ASSIGNMENT: Search term "this": please copy every line of the records below that contains it.

GIVEN DATA:
==============================

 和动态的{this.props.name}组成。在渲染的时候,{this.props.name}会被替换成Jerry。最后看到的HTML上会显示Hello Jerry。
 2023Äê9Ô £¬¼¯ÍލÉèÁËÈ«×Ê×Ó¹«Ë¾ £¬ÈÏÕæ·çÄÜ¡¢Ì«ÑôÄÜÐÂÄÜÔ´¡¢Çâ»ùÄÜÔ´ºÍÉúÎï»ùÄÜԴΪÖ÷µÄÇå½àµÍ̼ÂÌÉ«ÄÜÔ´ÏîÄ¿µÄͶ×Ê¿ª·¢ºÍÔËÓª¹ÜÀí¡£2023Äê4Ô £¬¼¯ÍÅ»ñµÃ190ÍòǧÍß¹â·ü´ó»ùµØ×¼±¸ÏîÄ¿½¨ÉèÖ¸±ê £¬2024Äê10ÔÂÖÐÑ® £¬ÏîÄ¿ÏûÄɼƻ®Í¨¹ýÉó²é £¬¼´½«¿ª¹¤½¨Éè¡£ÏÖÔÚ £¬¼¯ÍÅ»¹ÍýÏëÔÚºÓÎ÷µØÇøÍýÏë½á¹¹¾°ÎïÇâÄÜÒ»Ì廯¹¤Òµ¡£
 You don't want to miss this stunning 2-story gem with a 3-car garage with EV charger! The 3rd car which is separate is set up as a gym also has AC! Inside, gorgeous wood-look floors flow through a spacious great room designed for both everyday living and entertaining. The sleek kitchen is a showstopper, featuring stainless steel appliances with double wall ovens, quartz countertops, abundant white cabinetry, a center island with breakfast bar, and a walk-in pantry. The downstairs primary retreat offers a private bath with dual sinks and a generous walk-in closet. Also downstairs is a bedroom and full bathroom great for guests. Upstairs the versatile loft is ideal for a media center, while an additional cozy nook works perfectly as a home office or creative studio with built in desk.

==============================

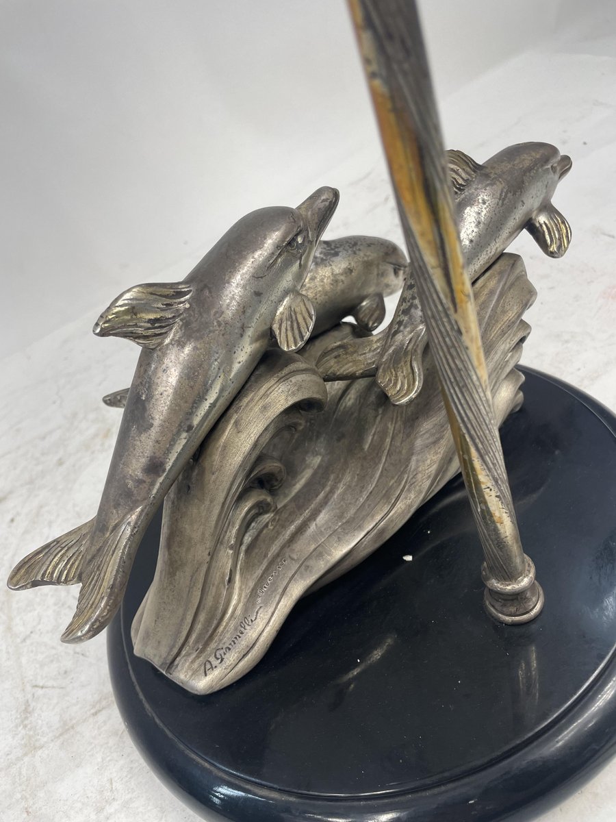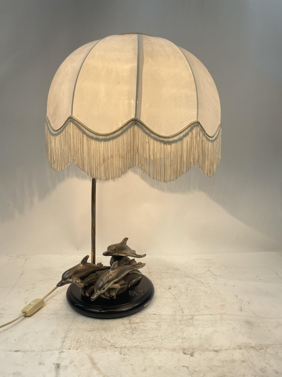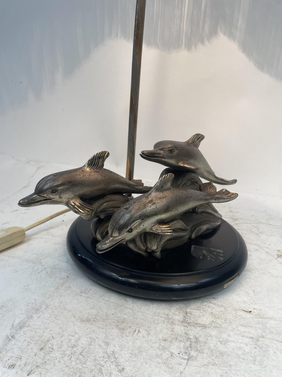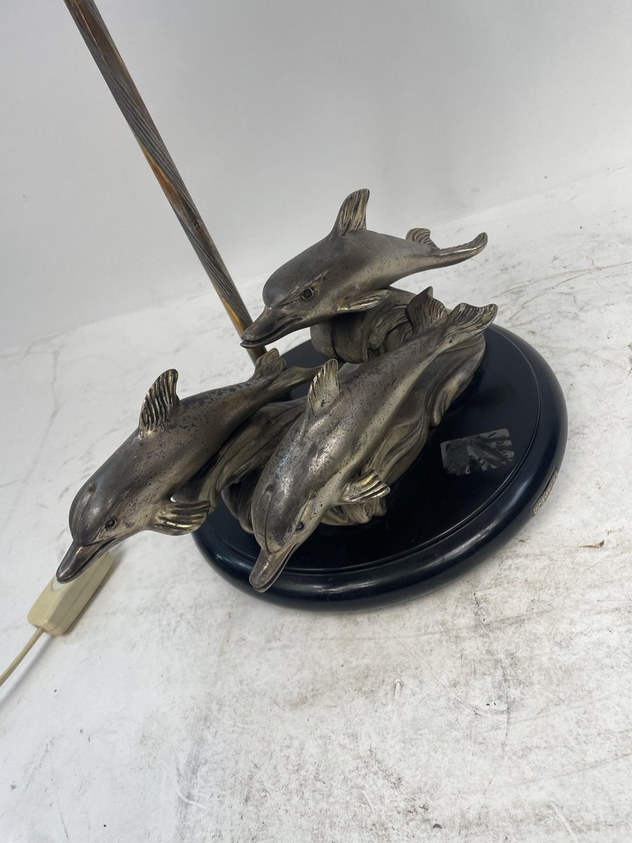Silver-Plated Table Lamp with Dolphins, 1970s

==============================

TASK OUTPUT:
 和动态的{this.props.name}组成。在渲染的时候,{this.props.name}会被替换成Jerry。最后看到的HTML上会显示Hello Jerry。
 You don't want to miss this stunning 2-story gem with a 3-car garage with EV charger! The 3rd car which is separate is set up as a gym also has AC! Inside, gorgeous wood-look floors flow through a spacious great room designed for both everyday living and entertaining. The sleek kitchen is a showstopper, featuring stainless steel appliances with double wall ovens, quartz countertops, abundant white cabinetry, a center island with breakfast bar, and a walk-in pantry. The downstairs primary retreat offers a private bath with dual sinks and a generous walk-in closet. Also downstairs is a bedroom and full bathroom great for guests. Upstairs the versatile loft is ideal for a media center, while an additional cozy nook works perfectly as a home office or creative studio with built in desk.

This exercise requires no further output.